Filipinos are so addicted to social networking our country has been called the “Friendster capital of the world” or the “social networking capital of the world.”
In its Power to the People Wave 3 Report, Universal McCann found that of all countries in the world, the Philippines has the most number of Internet users belonging to a social network, whether Friendster, Multiply, Facebook or what have you. The top five countries are: the Philippines (83.1%), Hungary (79.9%), Poland (76.8%), Mexico (76.3%), and Brazil (75.6%).
Journalists figure prominently among social networkers. They attract many friends and contacts on these sites. But an article in the Society of Professional Journalists’ website raises the question: Should journalists connect with sources on Facebook, or other social networking sites? Should they be friends, even on a virtual level, with people they cover?
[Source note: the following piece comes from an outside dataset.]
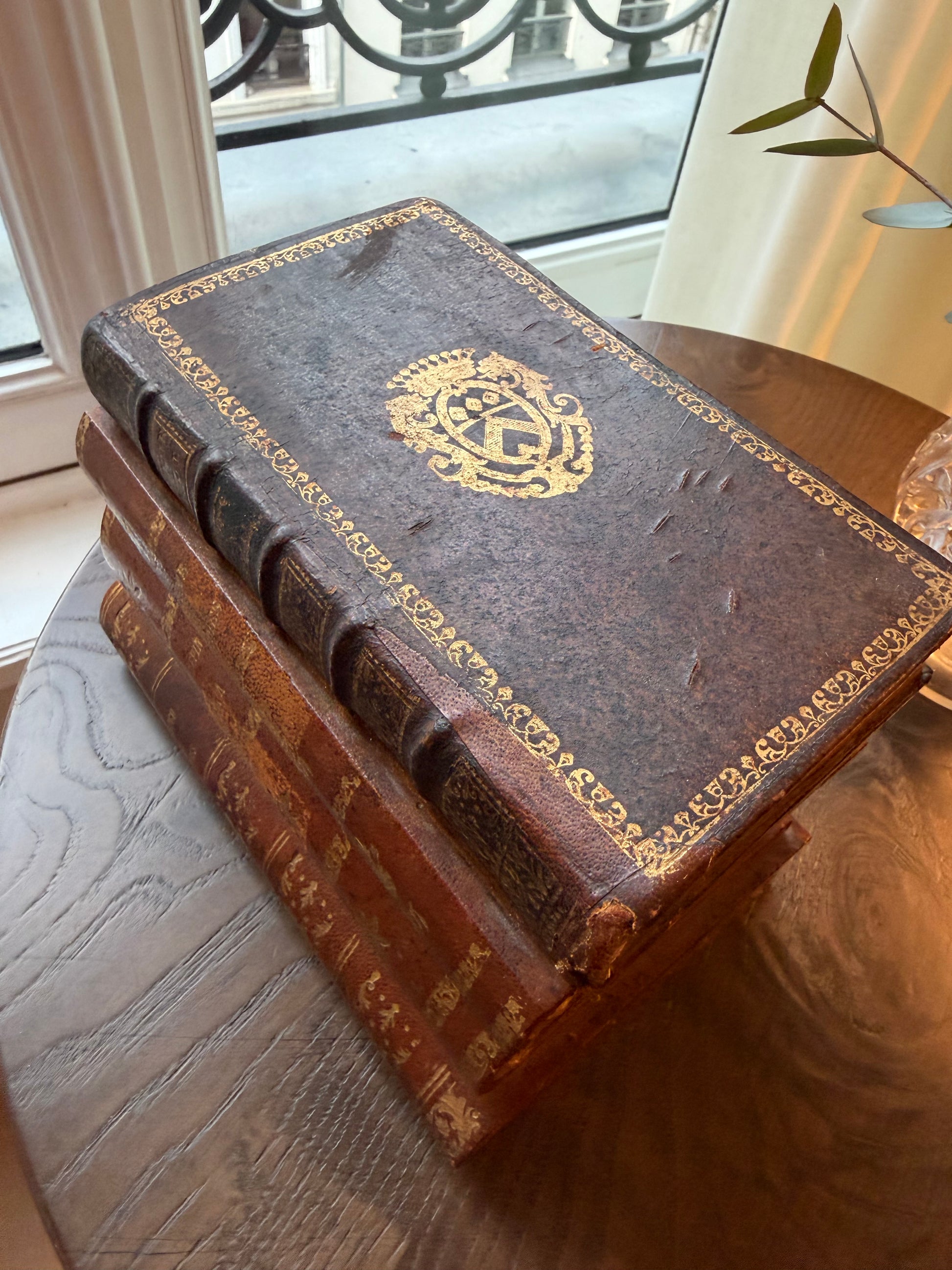 A wonderful French antique leather bound faux book tantalus with fitted interior including a small decanter with stopper and gilt decoration, and four small glasses.

Here’s the article “Facebook blurs the lines of friendship” by Andy Schotz in the SPJ site.
I’m stuck on the word “friend.” Friends get together to see movies, talk about their families, maybe swap secrets.
The people we cover should not be our friends. If they are, we shouldn’t cover them.
Sixteen years ago, my closest friend, Melissa Hale-Spencer, with whom I worked at a weekly newspaper in upstate New York, wrote a piece that stuck with me.
She was covering the startling bankruptcy of a popular auctioneer whose downfall was vigorously, blindly denied by his many supporters — people who were snookered and lost a lot of money through him.
Melissa had written a profile of the auctioneer and had been to his auctions. It was a grim, difficult demise for her to document.
When she said hello in a court hallway, the defiant auctioneer wouldn’t respond. “You aren’t anybody’s friend,” he told her.